Compass calls itself the little guy, seeks dismissal of Hamptons restraining order

Saunders & Associates sued brokerage after a former agent allegedly stole listings

New York /
Jan.January 13, 2016 08:00 AM

Compass just wants to be left alone.

The startup brokerage – which was sued last month by Hamptons firm Saunders & Associates after a former agent allegedly stole listings and handed them off to Compass – has asked a federal judge to dismiss complaints against it.

In a motion filed in the U.S. District Court’s Eastern District, Compass said it returned the listings data to Saunders and fired the agent in question.

“There is nothing left for Compass to do,” the firm stated in court documents dated Jan. 7. “Saunders is using its suit against Compass in a transparent attempt to stifle legitimate competition from Compass in the Hamptons real estate market… At this point, Compass should be allowed to resume its real estate business without disruption.”

Saunders slammed Compass and former agent Meg Salem with a lawsuit on Dec. 7, alleging that Salem stole more than 11,000 listings from Saunders and turned the data over to Compass. After a judge issued a temporary restraining order, Compass fired Salem, saying that it “holds its agents to the very highest standards and has very clear company rules.”

In the new motion, Compass denied knowing that Salem copied listings from Saunders’ internal database, and said it only learned about the allegations when Saunders filed its lawsuit. Compass said it subsequently returned Saunders’ information.

Saunders, however, alleges that Compass turned over just 220 documents – a fraction of the “thousands of pages of documents” obtained by Salem’s team.

“These listings are the lifeblood of our business and I want them back,” said Andrew Saunders, CEO of Saunders & Associates. “I want to know what happened to them.”

Saunders cited a sworn declaration by former Salem teammate Jess Spooner, who said he saw Salem turn over at least 1,000 sheets of paper to Compass, each one containing multiple listings.

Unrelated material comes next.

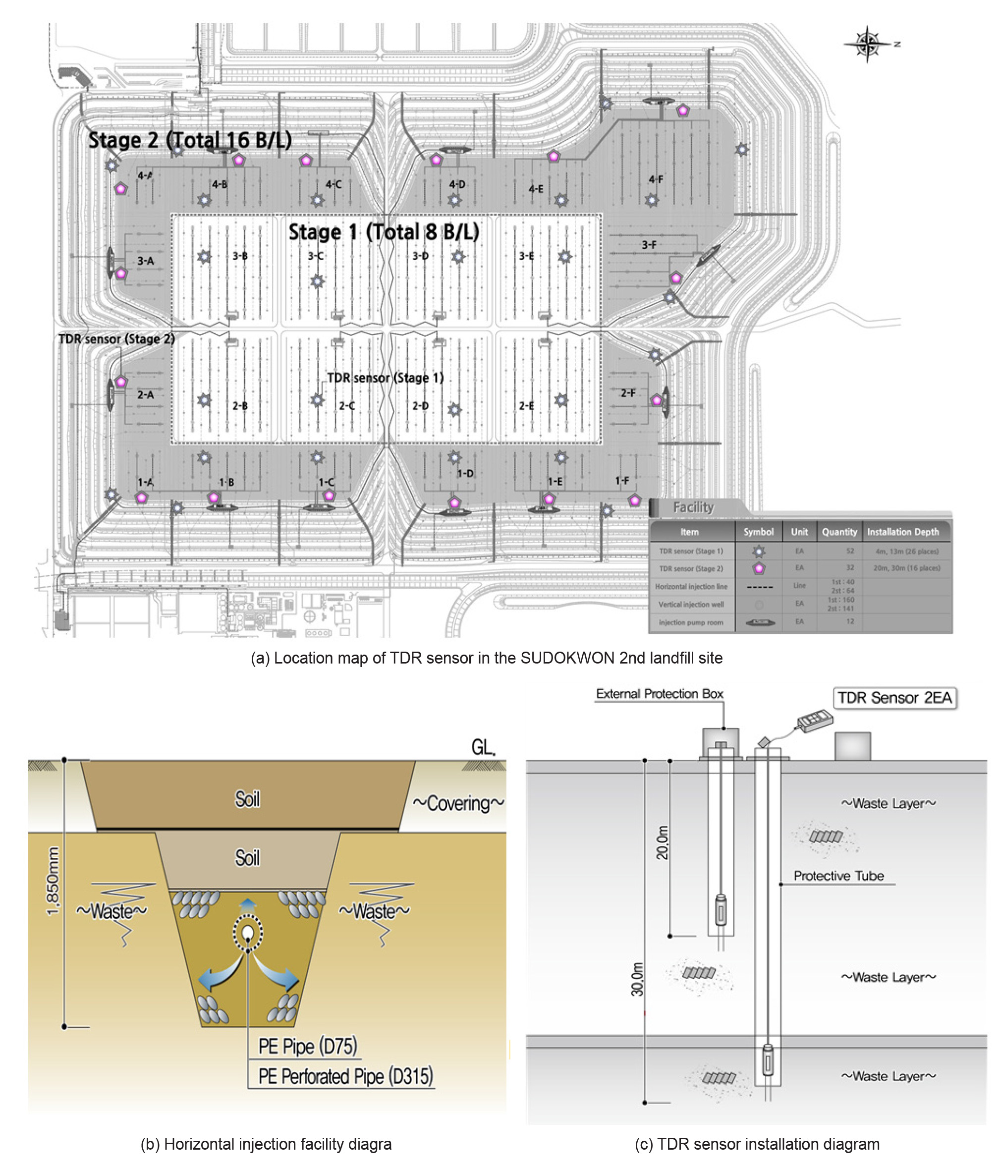 1단계 시설은 재순환수 주입 용량 3,200 m2/일 규모로 제2매립장 내측 8개 블록(주입면적 751 천 m2)에 설치되어 2020년 7월부터 운영을 시작하였다. 그리고 2023년 12월에는 외각 16개 블록을 대상으로 2단계(시설용량 2,600 m2/일, 주입면적 695천 m2) 시설의 설치가 완료되면서, 현재는 제2매립장 전체에 침출수매립시설 환원정화설비가 운영 중이다. 또한 제2매립장 내부 수분 변화 모니터링을 위한 TDR 센서는 Fig. 1a와 같이 총 84개소에 설치되어 있으며, 설치 깊이는 Fig. 1c와 같이 재순환된 침출수의 확산 및 분포 영향을 고려해 1단계 시설은 4 m, 13 m 깊이에 총 52개가 설치되어 있고, 2단계 시설은 20 m, 30 m 깊이에 총 32개가 신규로 설치되었다.

 “There was an outright theft from my company, and mounting evidence that [Compass] not only knew about it, but embraced it and took the information,” Saunders added. “It’s not an innocuous thing.”

A spokesman for Compass said the claim that the brokerage needs to return 11,000 listings “has never made sense, since we have less than 1,000 listings in our database.” Compass expects an uptick of listings following its recent merger with Hamptons-based Strough Real Estate Associates.

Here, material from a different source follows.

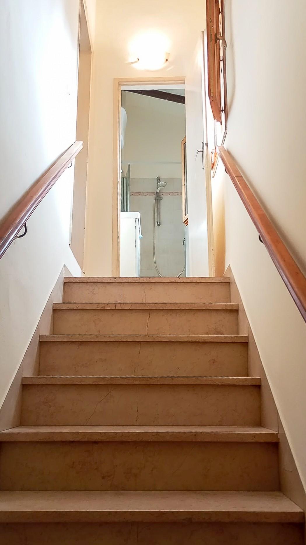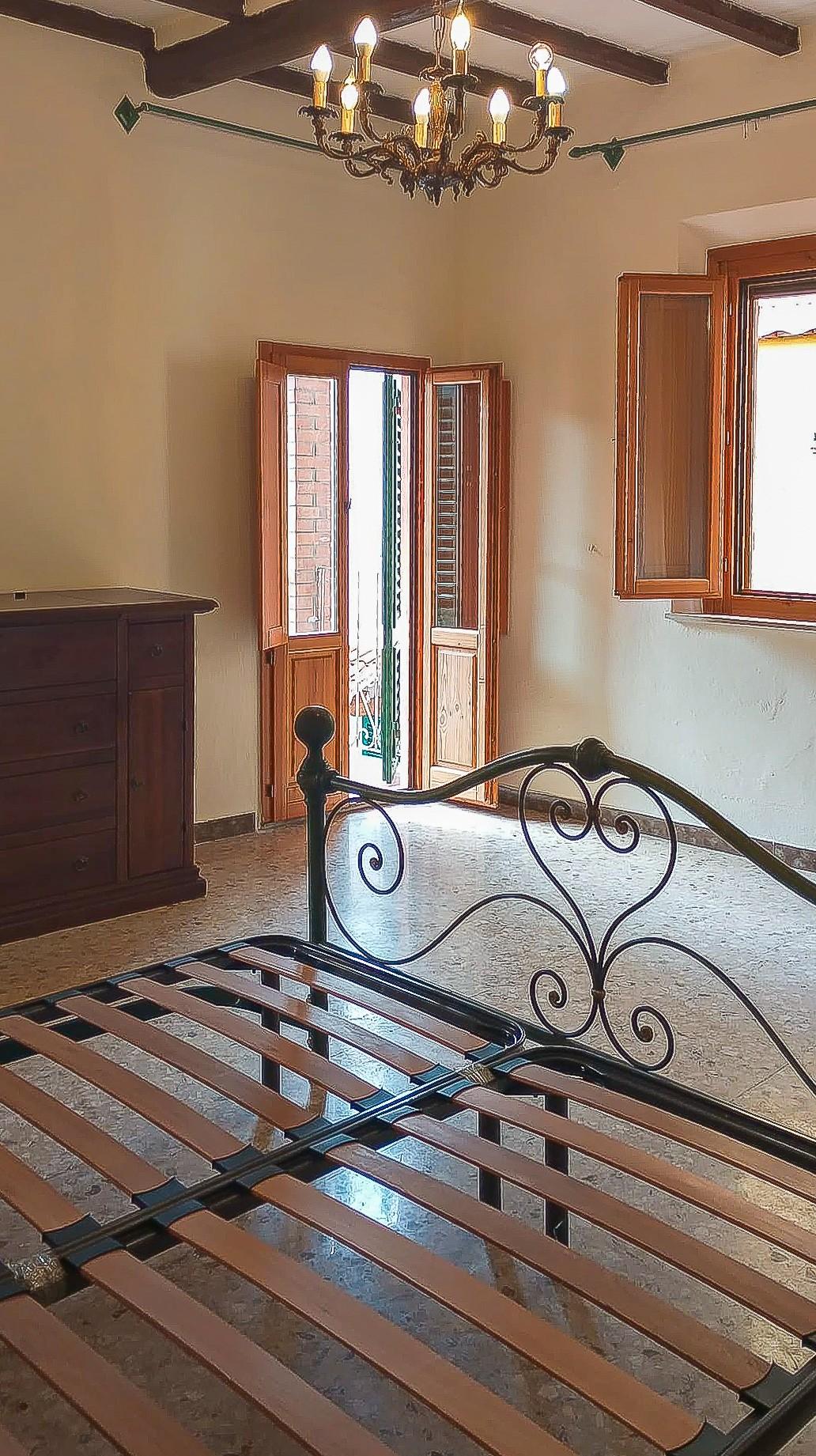 Il piano terra ospita la zona giorno con cucina e un ripostiglio, mentre al piano superiore si trovano la camera matrimoniale dotata di piccolo balcone e un bagno finestrato.

In an amusing footnote in the case, Compass’ motion describes the firm as a “small real estate start-up that launched in 2013.”

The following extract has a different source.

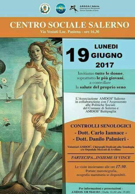 Al Centro Sociale di Salerno, lunedì 19 giugno a partire dalle ore 16.30, l'associazione Amdos Salerno, in collaborazione con l’assessorato alle Politiche Sociali del Comune di Salerno e Amdos Battipaglia, hanno organizzato controlli senologici per le signore e le giovani donne che intendono effettuare una visita.

But that assertion is somewhat dubious. In September, the firm raised $50 million in a Series C financing round, bringing the total investment to $123 million. Sources have valued the firm, which now has close to 300 agents, at $800 million.

By comparison, Vector Group Ltd. paid $60 million in 2013 for a 20.59 percent stake in Douglas Elliman, New York City’s largest residential brokerage. That deal would seem to value Elliman at just over $291 million.

Compass is using a good chunk of its venture funding to expand into new markets, including several in the Los Angeles area and the Hamptons.